Trying to understand complexity well, I found myself with the following problem.

Consider the following algorithm to detect if an undirected graph $$G = (V, E)$$ has a cycle.

Imagine that $$V = \{1 ...|V|\}$$ (in other words that the vertices are numbered from $$1$$ to $$|V|$$ ). An explorer plants a flag on point $$1$$ and then moves on the graph according to the following principle.

• For each vertex $$u \in V$$ the different edges $$(u,v)$$ around the point $$u$$ can be ordered according to the size of $$v$$. So we can talk about the ith edge around $$u$$. . Note that if $$(u,v)$$ is the ith edge around $$u$$ it is possible that $$(v,u)$$ is not the ith edge around from $$v$$.
• If the explorer reaches the point $$u$$ of degree $$k$$ using the ith edge around $$u$$ then it starts from $$u$$ using the $$(i + 1)$$ th edge around from $$u$$. If $$i = k$$ then the explorer starts from the first edge around $$u$$.

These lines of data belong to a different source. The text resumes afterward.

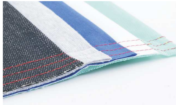
Para materiales livianos y pesados
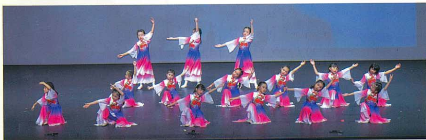
中國舞表演，都是由一、二年級的女孩子演出，表演動作都非常認真。
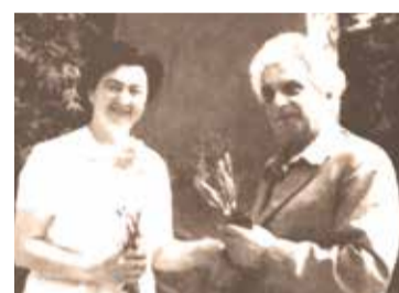
დიდი კომპოზიტორები აფხაზეთში გვ. 9
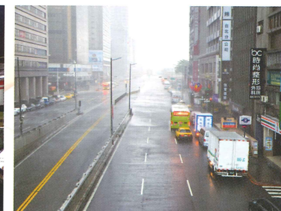
演習時路上所有車輛都要靠邊停駛
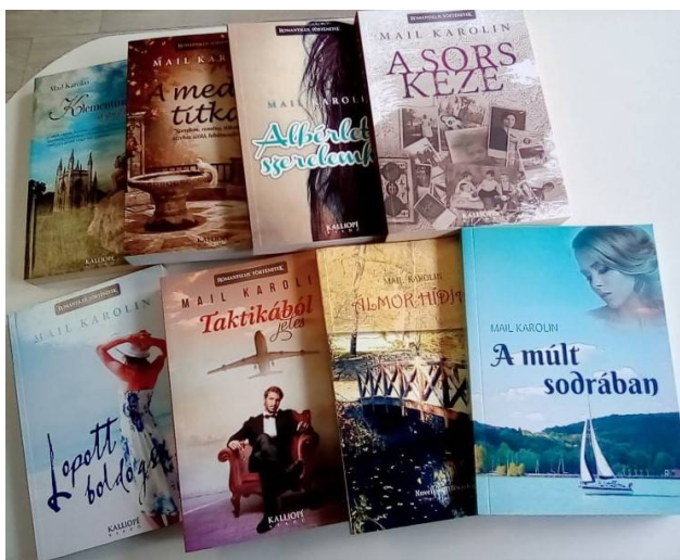
A zirci írónőnek eddig nyolc kötete jelent meg, ezek közül a legnépszerűbb az első, „A medál titka” című regény volt

– Hiszem, minden embernek van írva legalább egy könyv, amit el kell olvasnia. Egy dolog van vele, meg kell találnia azt. Tehát csak ajánlani tudom mindenkinek, olvasson sokat!
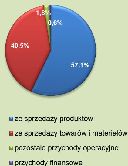
Przychody podmiotów gospodarczych w 2014 r.

Koszty uzyskania przychodów zmniejszyły się w ciągu roku o 2,6%. W strukturze rodzajowej kosztów największe znaczenie miało zużycie materiałów i energii (41,8%), usługi obce (18,6%) oraz wynagrodzenia (17,1%).
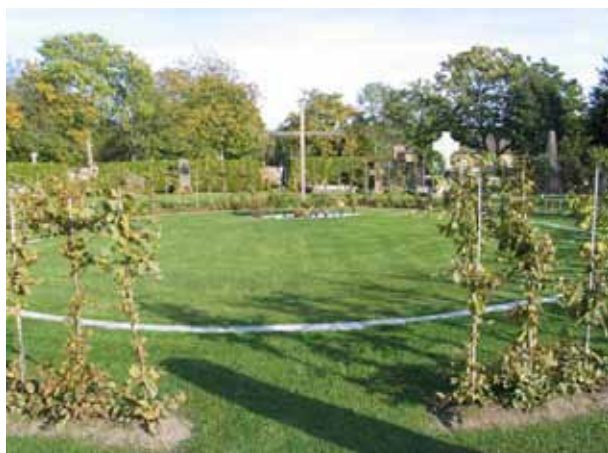
Minneslundan från väster. (KI Högby kyrkog 034)
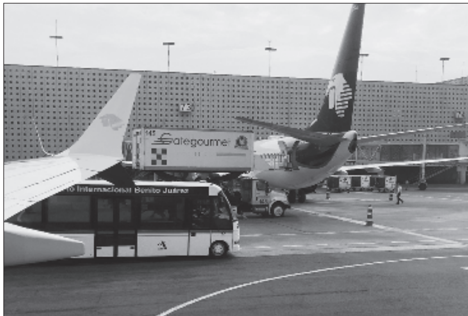
▲ El Presidente remarcó que lo cierto es que aún sin tener esa categoría, la aviación en el país "despegó; después de la crisis creció el número de operaciones".

"No tenemos una proyección sobre cómo va a beneficiar el que sea regresado a categoría 1. Los de la aviación comercial, los que operan todo lo relacionado con los viajes de aviones y de turismo, hablan de que va a ayudar mucho a que sigan creciendo el número de operaciones, los vuelos a EU sobre todo. Pero no tenemos nosotros una proyección".
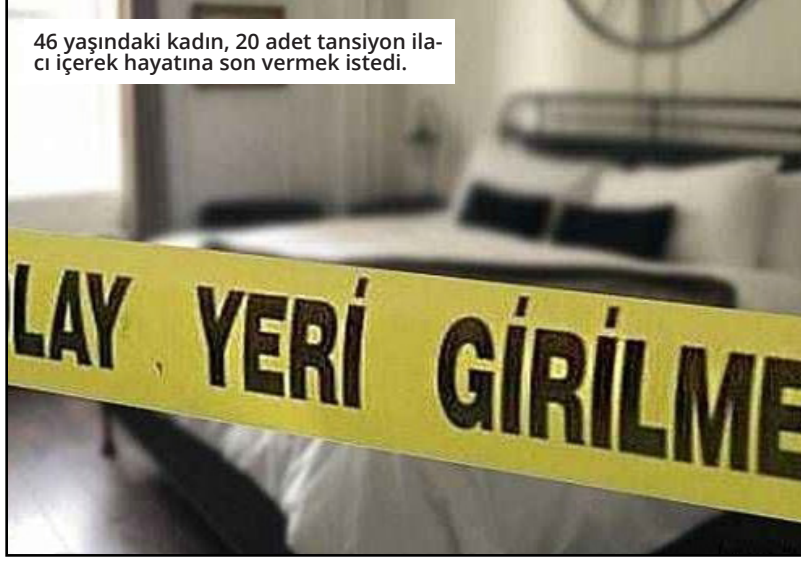
46 yaşındaki kadın, 20 adet tansiyon ilacı içerek hayatına son vermek istedi.

Alanya'da bir otelde konaklayan Alman kadın turist kendisini iyi hissetmediğini söylemesinin ardından yatak odasında ölü bulundu. Olay, Türkler Mahallesi'nde meydana geldi. Türkler'de bulunan bir otelde arkadaşları ile birlikte tatil yapan Alman uyruklu C.I.A. (58) isimli kadın yatak odasında ölü bulundu. C.I.A.'nın yatağında hareketsiz şekilde yattığının görülmesi üzerine hemen 112 Acil Çağrı Merkezi'ne ihbarda bulunuldu. İhbar üzerine otele sağlık ve jandarma ekipleri sevk edildi. Sağlık ve jandarma ekiplerinin yaptıkları incelemede C.I.A.'da herhangi bir suça yönelik delile rastlanılmadı. Jandarmanın arkadaşları ile yaptıkları görüşmede C.I.A.'nın kendini iyi hissetmediği için odasına çıkmak istediğini söylediği ve öğle yemeğinden önce alkol kullandığı belirlendi. C.I.A.'nın yatağının yanında ise çeşitli markalarda çok sayıda ilaç tableti bulundu. Cumhuriyet Savcısı tarafından C.I.A.'nın ölümü şüpheli bulunarak cenazesi Adli Tıp Kurumu'na sevk edildi. ● MEHMET AL
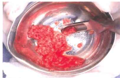
多くの骨を短時間で採取
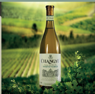
Vin sélectionné - ChangYu Riesling Fruité, élégant, exotique et équilibré, un riesling différent et délicieux.

L'abus d'alcool est dangereux pour la santé.
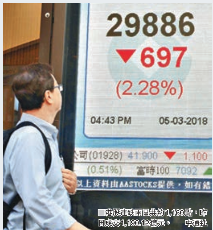
■ 港股連跌兩日共約1,160點，昨日成交1,190.12億元。中匯社
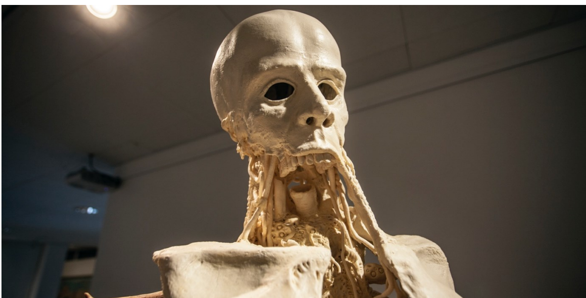
Kuva 14. Sanalliseen kommunikaatioon tarvittavat ruumiinosat puuttuvat (Lilja 2021)

Hahmolta puuttuva alaleuka, äänihuulet sekä kieli kuvastavat addiktien yleisesti kokemaa puutteellista kykyä saada äänensä kuuluviin (kuva 14). Addikitit ovat yksi yhteiskunnan ryhmä joka kaiken kokemansa pelon ja epätoivon keskellä nimenomaan tarvitsisivat saada keinon purkaa tuntemuksiaan ja kokemuksiaan, mutta mm. syrjintä, rangaistuksen pelko ja tuomitukseksi tuleminen tukahduttavat monilta uskalluksen ja mahdollisuuden tähän.
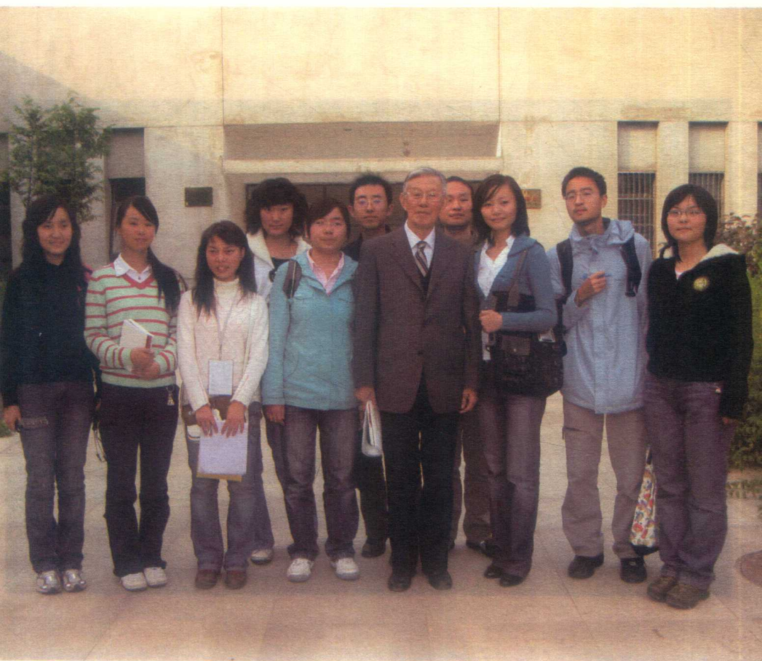
2007年在西北大学105周年校庆专题演讲后与部分本科生合影
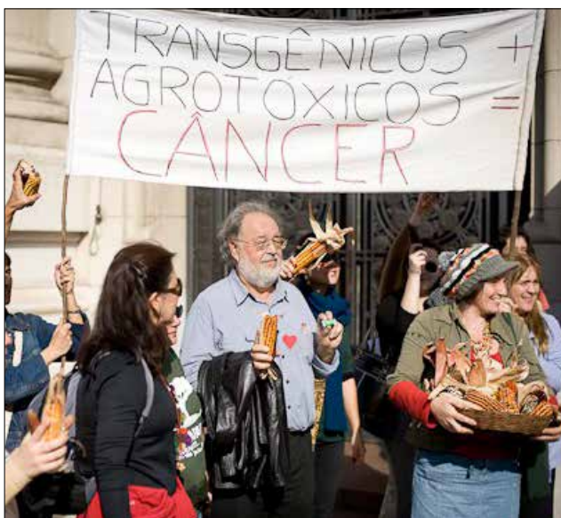
Mobilização contra o plantio e consumo de sementes geneticamente modificadas

Nos últimos anos, esquerdopatas de toda ordem se fartaram com votos pregando os malefícios dos transgênicos. Até analfabetos de pai e mãe discursavam como se fossem doutores no assunto. Ameaçavam os consumidores dos transgênicos nos moldes da igreja medieval, que aterrorizava os seus fiéis com a figura do Diabo.
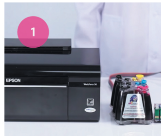
Установка СНПЧ. Рис. 1

В случае несовпадения, порядок должен быть изменен!

As a first attempt, the explorer leaves point $$1$$ using the first edge around $$1$$. If it returns to point $$1$$ by a different edge then he concludes that $$G$$ contains a cycle.

If on the other hand it returns to point $$1$$ to across the same edge, then it begins its exploration again, starting by the second edge of point $$1$$, then the third edge and so on.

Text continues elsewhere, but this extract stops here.